WHAT IS NEEDED. Leaving the pictures out, print the lines from the first line of the listing through the line containing "NC 742 was established", exactly as they read, and no others.

DATA LISTING.
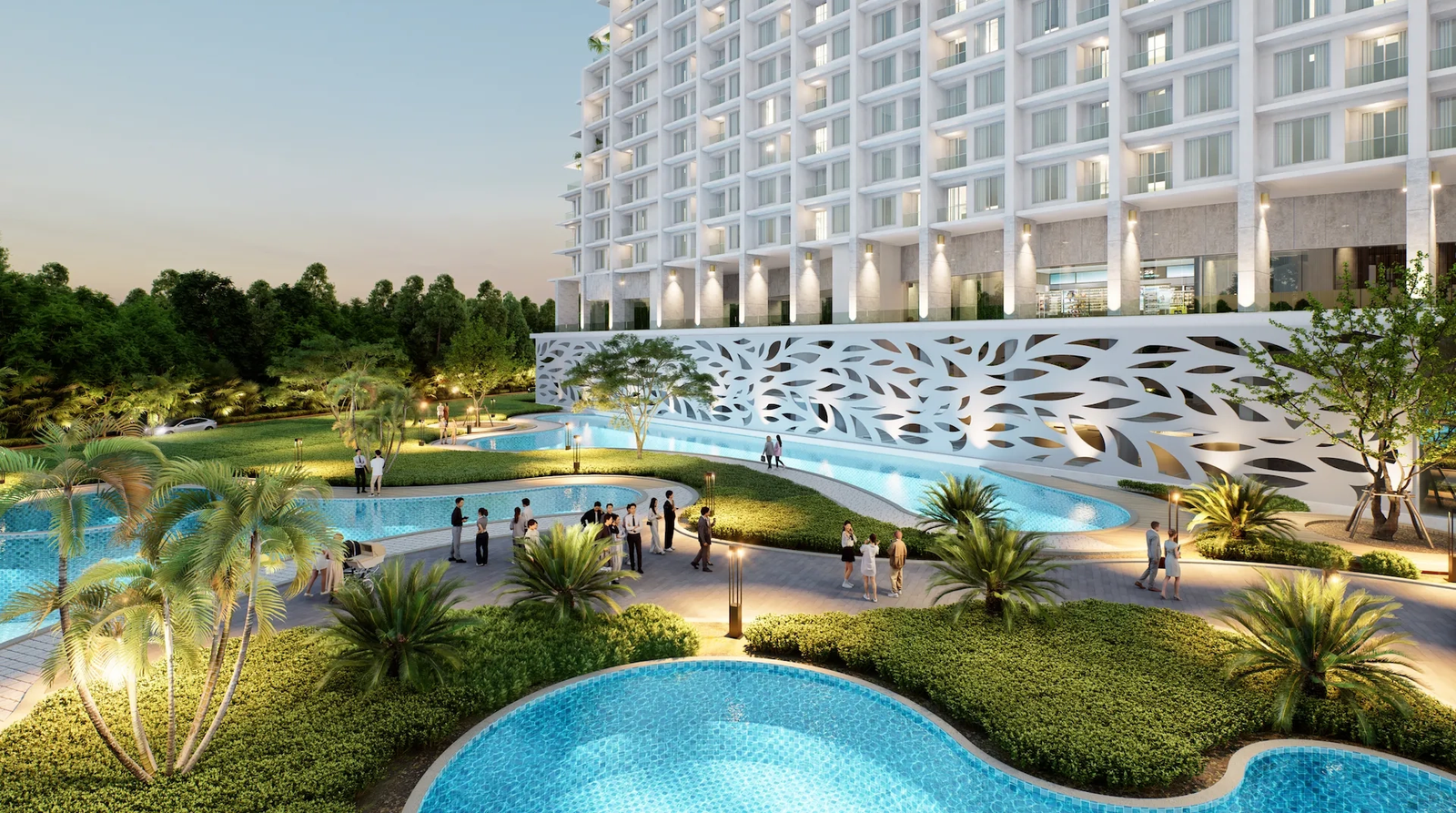 The project emphasizes panoramic views: from the 27th-floor swimming pool and the 51st-floor lobby/lounge, which offer both city and sea views. The resort-style living experience blends residential living with leisure activities, offering a more resort-style experience than typical condominiums. Shopping, restaurants, lounges, a sky garden, and more are available.
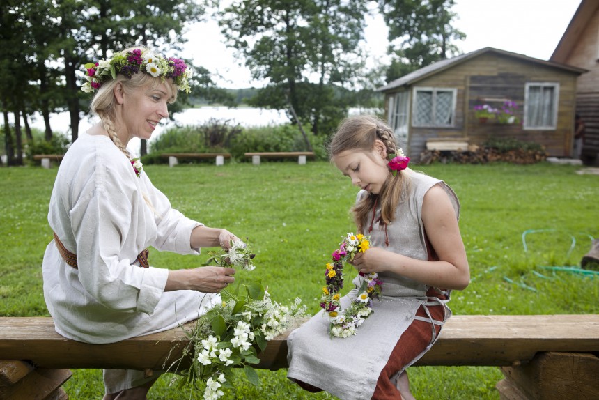 Kad vaicāju ģimenei, kā Līgo svētkos ierasts tērpties, Laima nekavējoties bilst, ka viņai allaž svarīgs vainadziņš, kuru pati arī uzpin. «Mēs domājam, ka katrai tautu meitai jāprot nopīt vainadziņš, tāpēc pin gan mamma, gan meita. Mugurā vienmēr velkam tautas tērpus. Mūsu sens sapnis bija arheoloģiskie tautas tērpi, kas, protams, ir ļoti dārgi, bet nu varam teikt, ka visi sapņi piepildās. Jāņos vienmēr uzvelkam arheoloģiskos tautas tērpus,» Dace stāsta.
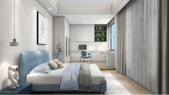 淺白為基調(diào),空間通透爽朗,足以舒緩情緒,給人治愈感。學(xué)習(xí)區(qū)與睡眠區(qū)互為整體又各自獨(dú)立,一目了然的空間動(dòng)線(xiàn),舒展自如,得到生活的本質(zhì)體驗(yàn)。
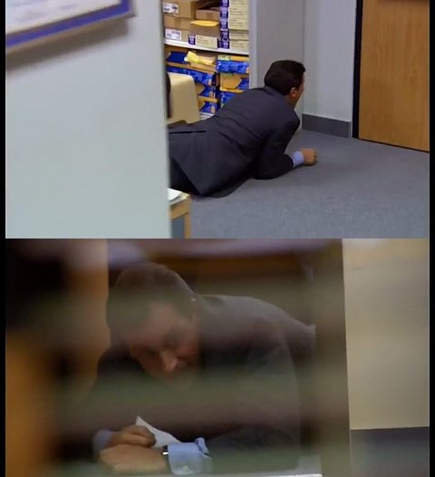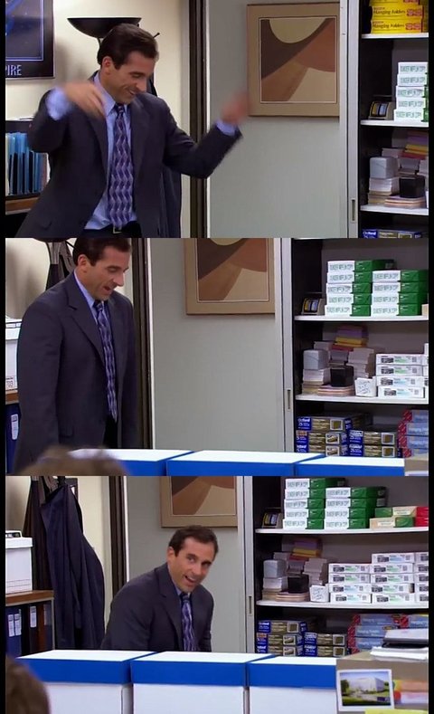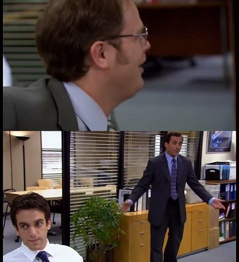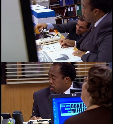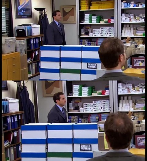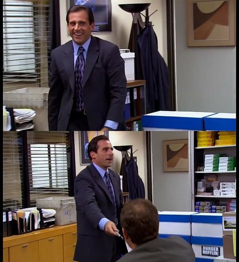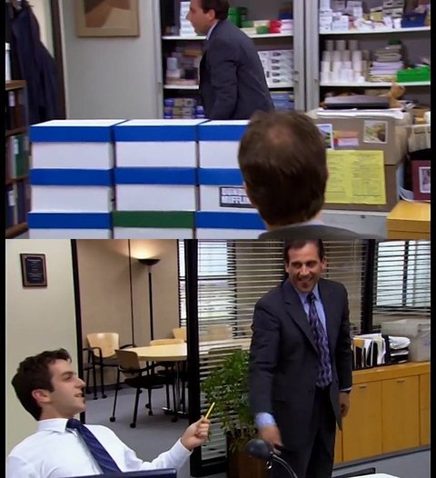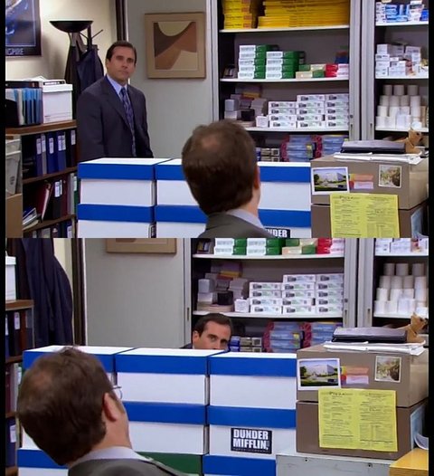 드와이트 : 마이클! 창고에서 펜 가져다 줄 수 있음??
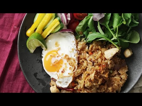 【ササッと作れる】ピリ辛ナシゴレン ■材料 ご飯(固め炊き)200g 鶏胸肉(1.5cm角に切る) 50g エビ 5尾 人参(5mm角に切る) 1cm分 紫タマネギ(1cm角に切る) 30g インゲ...
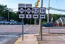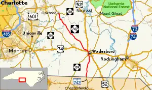 NC 742 was established in 1936 as a new primary routing from US 74 in Wadesboro to NC 205 in Oakboro.[2] Around 1947, NC 742 was extended south, over part of US 74 and NC 109, to the South Carolina state line, where it continues south as SC 742 (originally SC 850).[3] In 1996, the routings of US 52 and NC 742 were adjusted in Wadesboro; they were removed from Salisbury Street and onto a new road further west that crossed over the railroad tracks.[4]
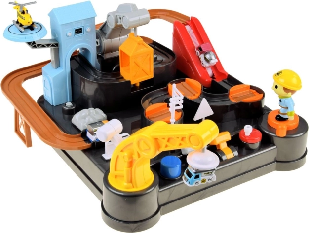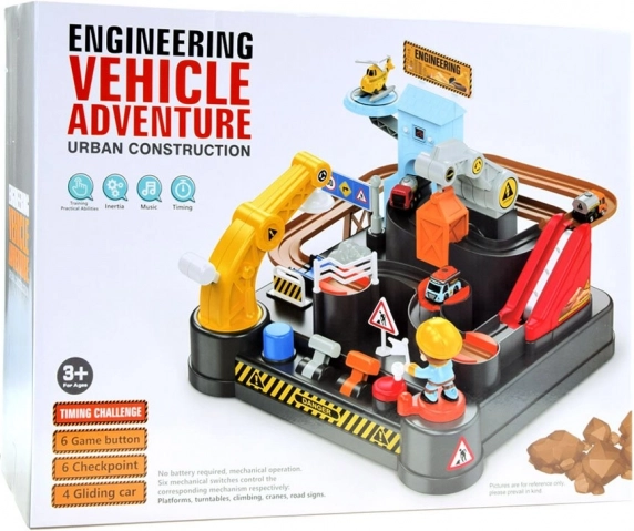 Diese farbenfrohe mechanische Bahn mit Baustellenthema bietet eine komplette Bauszene mit Hindernissen, Aufzug und einem Magnetkran. Kinder führen die Fahrzeuge vom Beladen bis zum Entladen, bedienen Drehscheiben und Hebel und verfolgen, wie die Autos der Strecke folgen. Die integrierte digitale Uhr am Turm ermöglicht Zeitmessung und spielt nach dem Einschalten eine fröhliche Melodie.

COMPLETED EXERCISE.
 The project emphasizes panoramic views: from the 27th-floor swimming pool and the 51st-floor lobby/lounge, which offer both city and sea views. The resort-style living experience blends residential living with leisure activities, offering a more resort-style experience than typical condominiums. Shopping, restaurants, lounges, a sky garden, and more are available.
 Kad vaicāju ģimenei, kā Līgo svētkos ierasts tērpties, Laima nekavējoties bilst, ka viņai allaž svarīgs vainadziņš, kuru pati arī uzpin. «Mēs domājam, ka katrai tautu meitai jāprot nopīt vainadziņš, tāpēc pin gan mamma, gan meita. Mugurā vienmēr velkam tautas tērpus. Mūsu sens sapnis bija arheoloģiskie tautas tērpi, kas, protams, ir ļoti dārgi, bet nu varam teikt, ka visi sapņi piepildās. Jāņos vienmēr uzvelkam arheoloģiskos tautas tērpus,» Dace stāsta.
 淺白為基調(diào),空間通透爽朗,足以舒緩情緒,給人治愈感。學(xué)習(xí)區(qū)與睡眠區(qū)互為整體又各自獨(dú)立,一目了然的空間動(dòng)線(xiàn),舒展自如,得到生活的本質(zhì)體驗(yàn)。
 드와이트 : 마이클! 창고에서 펜 가져다 줄 수 있음??
 【ササッと作れる】ピリ辛ナシゴレン ■材料 ご飯(固め炊き)200g 鶏胸肉(1.5cm角に切る) 50g エビ 5尾 人参(5mm角に切る) 1cm分 紫タマネギ(1cm角に切る) 30g インゲ...
 NC 742 was established in 1936 as a new primary routing from US 74 in Wadesboro to NC 205 in Oakboro.[2] Around 1947, NC 742 was extended south, over part of US 74 and NC 109, to the South Carolina state line, where it continues south as SC 742 (originally SC 850).[3] In 1996, the routings of US 52 and NC 742 were adjusted in Wadesboro; they were removed from Salisbury Street and onto a new road further west that crossed over the railroad tracks.[4]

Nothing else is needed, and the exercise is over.